- Opening Delimiter -

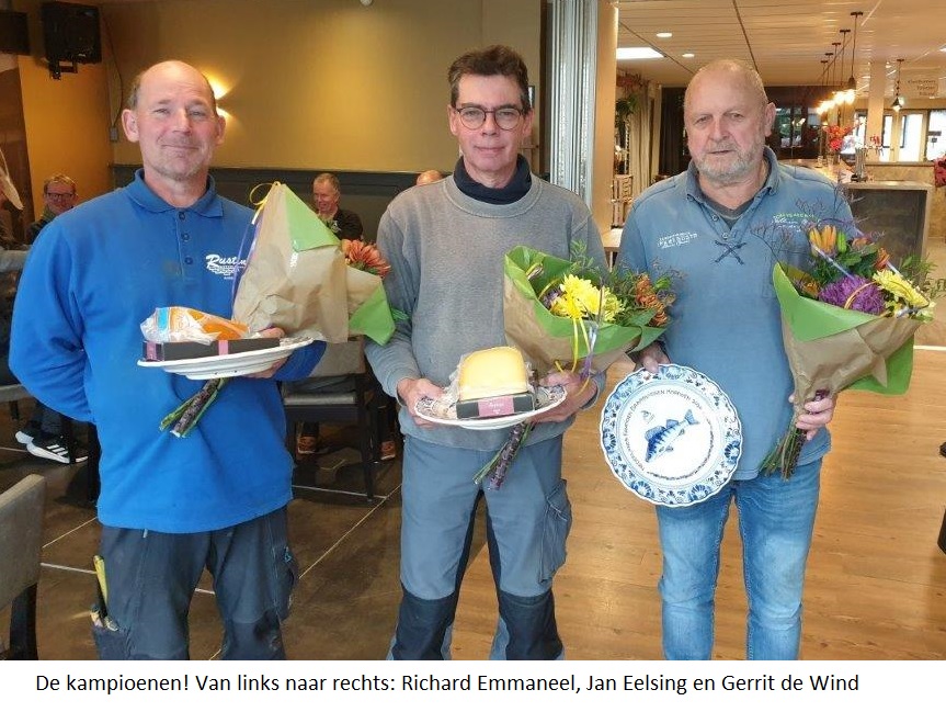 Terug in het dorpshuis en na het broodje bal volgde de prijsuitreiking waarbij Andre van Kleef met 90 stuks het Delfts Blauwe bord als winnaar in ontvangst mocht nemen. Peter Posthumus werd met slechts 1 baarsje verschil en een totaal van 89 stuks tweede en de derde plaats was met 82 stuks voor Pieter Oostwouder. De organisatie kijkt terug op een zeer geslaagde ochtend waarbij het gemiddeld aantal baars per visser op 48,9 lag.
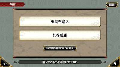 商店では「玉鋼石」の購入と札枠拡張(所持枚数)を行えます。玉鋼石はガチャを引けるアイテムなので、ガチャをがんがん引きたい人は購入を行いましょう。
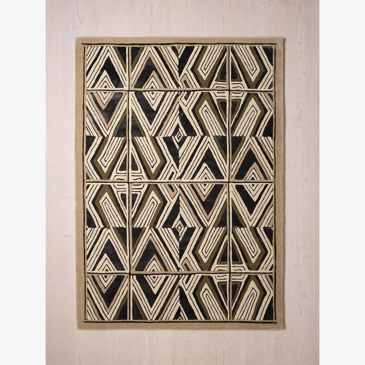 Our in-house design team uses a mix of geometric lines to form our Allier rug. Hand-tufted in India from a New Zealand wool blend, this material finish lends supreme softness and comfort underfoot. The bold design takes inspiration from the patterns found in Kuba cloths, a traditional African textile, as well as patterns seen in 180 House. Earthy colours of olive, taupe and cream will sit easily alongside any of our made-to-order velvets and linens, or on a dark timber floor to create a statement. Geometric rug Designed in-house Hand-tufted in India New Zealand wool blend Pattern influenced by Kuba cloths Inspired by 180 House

- Closing Delimiter -

### [What to do]
Leaving out the pictures, reproduce the whole listing above exactly.

### [Task result]
 Terug in het dorpshuis en na het broodje bal volgde de prijsuitreiking waarbij Andre van Kleef met 90 stuks het Delfts Blauwe bord als winnaar in ontvangst mocht nemen. Peter Posthumus werd met slechts 1 baarsje verschil en een totaal van 89 stuks tweede en de derde plaats was met 82 stuks voor Pieter Oostwouder. De organisatie kijkt terug op een zeer geslaagde ochtend waarbij het gemiddeld aantal baars per visser op 48,9 lag.
 商店では「玉鋼石」の購入と札枠拡張(所持枚数)を行えます。玉鋼石はガチャを引けるアイテムなので、ガチャをがんがん引きたい人は購入を行いましょう。
 Our in-house design team uses a mix of geometric lines to form our Allier rug. Hand-tufted in India from a New Zealand wool blend, this material finish lends supreme softness and comfort underfoot. The bold design takes inspiration from the patterns found in Kuba cloths, a traditional African textile, as well as patterns seen in 180 House. Earthy colours of olive, taupe and cream will sit easily alongside any of our made-to-order velvets and linens, or on a dark timber floor to create a statement. Geometric rug Designed in-house Hand-tufted in India New Zealand wool blend Pattern influenced by Kuba cloths Inspired by 180 House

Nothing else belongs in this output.